Risner's efforts to learn more about Amphi's past positions have been stymied by the fact that the stonewalling district has yet to respond to his request for public records.

On Tuesday, Superior Court Judge Kenneth Lee granted Risner time for actual discovery, to pry key documents from Amphi's vaults, before resuming court proceedings around the second week in February.

Smith retains his seat but will not vote on any matters. He and Wright have been on the bottom end of many 3-2 votes, but have nonetheless shocked the conscience of the district taxpayers and parents, if not the administration.

Jaeger sat smug in court, with costly representation by his side. John Richardson, of DeConcini McDonald Yetwin & Lacy, is dipping into yet another public trough to go with all he grabs from TUSD and Sunnyside.

KING GEORGE ABDICATES: All hail -- Tucson Unified School District Superintendent George F. Garcia announced over and over again that he will do the right thing and resign in June. This marks the end for King George and Queen Mary, the peroxide wife whose resignation from the head job at Sunnyside Unified School District also is effective at the end of the school and fiscal year.
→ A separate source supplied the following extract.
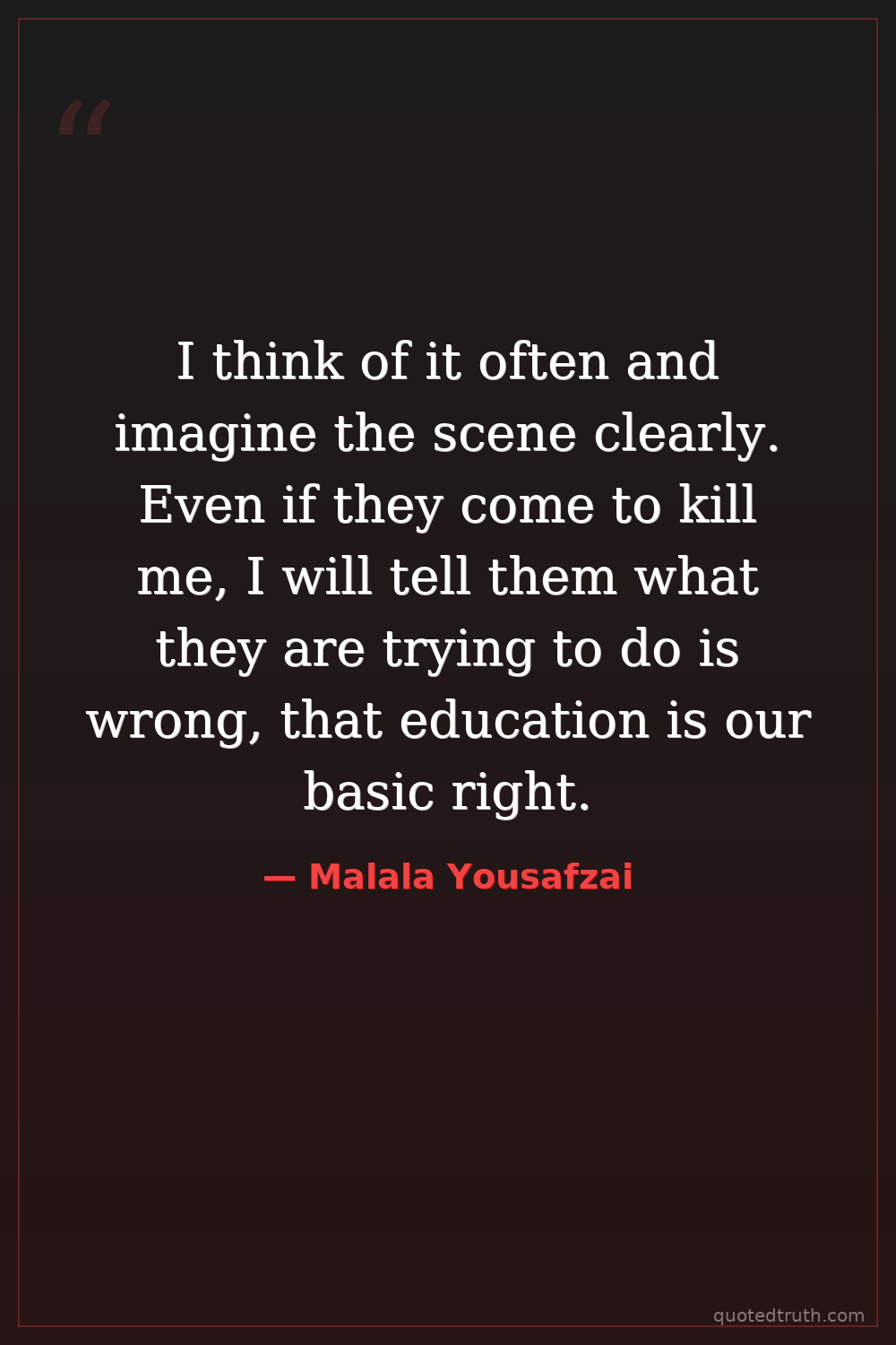 I think of it often and imagine the scene clearly. Even if they come to kill me, I will tell them what they are trying to do is wrong, that education is our basic right.

Garcia lasted nine years here and could easily have lasted another. Only one Board member, Rosalie Lopez, had the guts to question his performance. She was going to call for his resignation if he didn't submit one. Three members, Mary Belle McCorkle ("ooh, let's have another expensive retreat") Joel Ireland and James Christ were pure Garcia sycophants. That majority is set to actually give Garcia a pay raise in January. In the incest that is Tucson school systems, Christ has to treat Garcia with kid gloves because Mary Garcia is Christ's boss at Sunnyside. The party, thankfully, is over.

True to his commanding public relations force, Garcia is going out with nothing but puff. His resignation letter is a windy, self-congratulatory three pages, much of it packaged (in advance) as an op-ed piece in The Arizona Daily Star on Sunday. Garcia's buddy, Jim Kiser, is the editor of the Star's editorial pages and his wife, Shirley Kiser, runs Garcia's over-hyped, little-producing 4th R program.

Garcia was effective at one thing, as noted by disparate voices -- Lopez at the end of his tenure and Sylvia Campoy, a one-term Board member, at the beginning: polishing his own image. He was tireless at meeting and schmoozing business and social leaders in Tucson. But it only was for himself. It did nothing for the students, parents or teachers. Nothing.

TORTIOUS TORTURE: An editing change in last week's story about Pima County consultant Bruce Postil left an incorrect description of a lawsuit Postil, a former deputy county manager, and six other demoted or fired county employees successfully filed in 1993. Even we doubt that former Supervisor Big Ed Moore tortured anyone. Among the lawsuit's claims, however, was tortious interference.